The rest is history. The history is of a people who knew about the need to address airborne infections. They provided us with modern forced air Heating Ventilation and Cooling (HVAC) systems and Ceiling Level UV-C systems to clean the air in buildings so that they approach what is found outside in the fresh air. They built upon the fresh air movement. Today this generation must rise to the occasion and deal with fresh air in all our buildings using the tools of their time - social media, Internet, smartphones, computers, etc.

Is your faculty ventilation turned on? If not why?

Do you know its performance level in terms of Air Changes per Hour (ACH)? If not why not?

Do you care? If not why not?


VENTILATION: WHY does no one take it seriously?
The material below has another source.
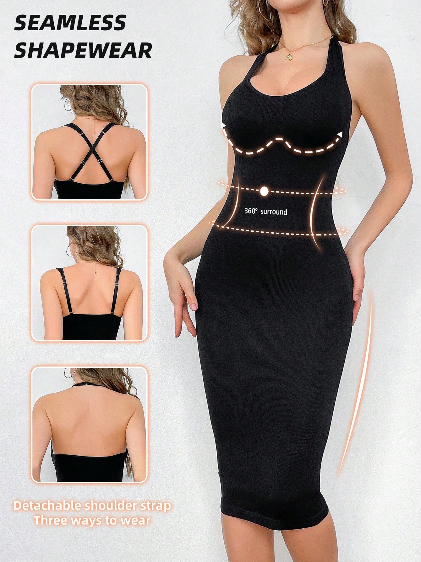 فستان نسائي بلون موحد، مكشوف الظهر، بياقة هالتر، ضيق بدون خياطة

https://www.ncbi.nlm.nih.gov/pmc/articles/PMC8251269

Indoor Air. 2021 May; 31(3): 605–607.
Published online 2021 Apr 20. doi: 10.1111/ina.12824
PMCID: PMC8251269
PMID: 33876855

VENTILATION: WHY does no one take it seriously?
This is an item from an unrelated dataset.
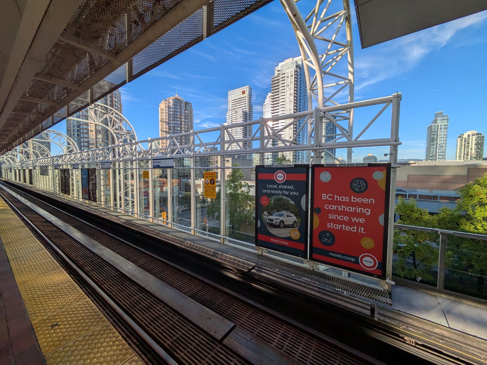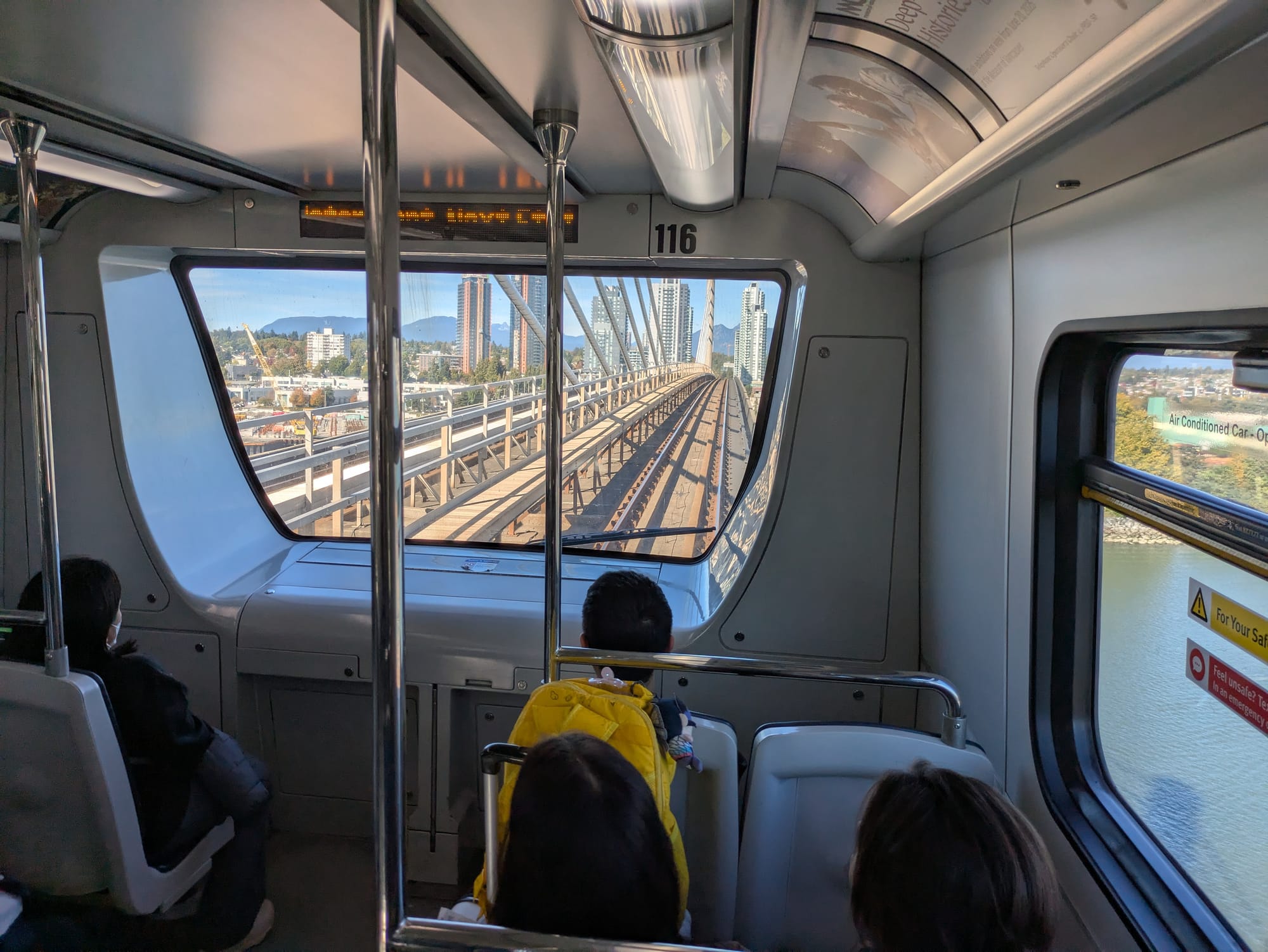 SkyTrain, the rail system, is fully automated (and fully grade separated). It's just like a people mover at an American airport or a Disney resort — across the entire region. The trains are short (only 2 cars, compared to a BART train that can be up to 10 cars) but make up for their relatively small capacity with their frequency. When one train was too crowded in the evening, my colleague and I waited for the next — which arrived in approximately 90 seconds.

Jan Sundell,corresponding author 1 John Spengler, 2 and Pawel Wargocki 3
1 School of Environmental Science and Engineering, Tianjin University, Tianjin China
2 T.H. Chan School of Public Health, Harvard University, Cambridge MA, USA
3 Department of Civil Engineering, Technical University of Denmark, Lyngby Denmark

A further reflection on ventilation.

After high school, I started my university studies at the Royal Institute of Technology (KTH) in Stockholm, Sweden. I really had no reason to choose it, but my grades made it possible… with better grades, I might have gone to Karolinska Institutet for medical studies. At that time, it was, however, a great achievement to go to such a good university. It all was because the Social Democratic Party in Sweden had made it possible, also for kids from low-income families to study in universities. There was a good loan for housing and studying and a good system for those with children. I soon had two children when studying for my master's degree.
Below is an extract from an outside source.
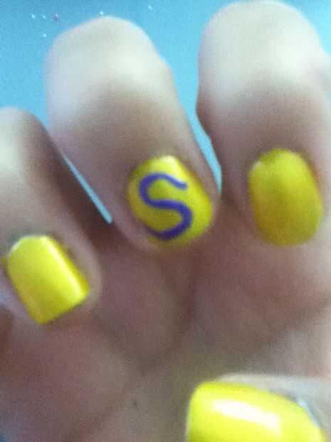 Una vez que el amarillo es seco el esmalte púrpura y un striper y pintar una "S" en su dedo medio derecho.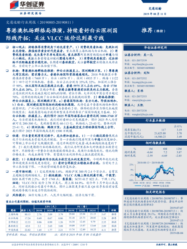 【华创证券】【20190811】交通运输行业周报:粤港澳机场群格局推演,持续看好白云深圳国际线开拓;关注VLCC运价达到盈亏线-11页 行业研究

My study was first on energy engineering, and then, I chose heating, ventilation, and air conditioning (HVAC) engineering as my special focus topic. For my master's degree work, I decided to study ventilation in homes together with one of my high school mates, Bengt Carlsson. Possibly the greatest mistake in my life.

At that time in Sweden, the Professors arranged for your future work. I could choose between the newly set up Environmental Protection Agency (EPA) and then the new Board of Urban Planning and Building (Statens Planverk in Swedish). I chose the latter and became responsible for developing building codes on installations, including ventilation. In retrospect, I can imagine my life at EPA, with much greater resources…perhaps, I, in that case, would have seen PM2.5 as an important topic today?

Anyway, in 1969, I and Bengt Carlsson wrote our master thesis on “Bostadsventilation—en orienterende undersokning” (Home ventilation—an orientating study). It was actually a good study and historically very important. We measured airflows in supply and exhaust terminals, and we measured the pressure difference between rooms and between indoors and outdoors. So, we knew the main airflow direction. We found a mean air change per hour (ach) of 0.8 with much lower values for naturally ventilated homes at 0.27 ach. These values are certainly lower than actual values as we did not measure with a tracer gas method. It was commented in the report that sometimes you did not need measuring instruments to indicate the airflow direction. It was enough to use odors (the same as at offices in Tsinghua University and Tianjin University today), and the smell of feces odor from restrooms is all you need.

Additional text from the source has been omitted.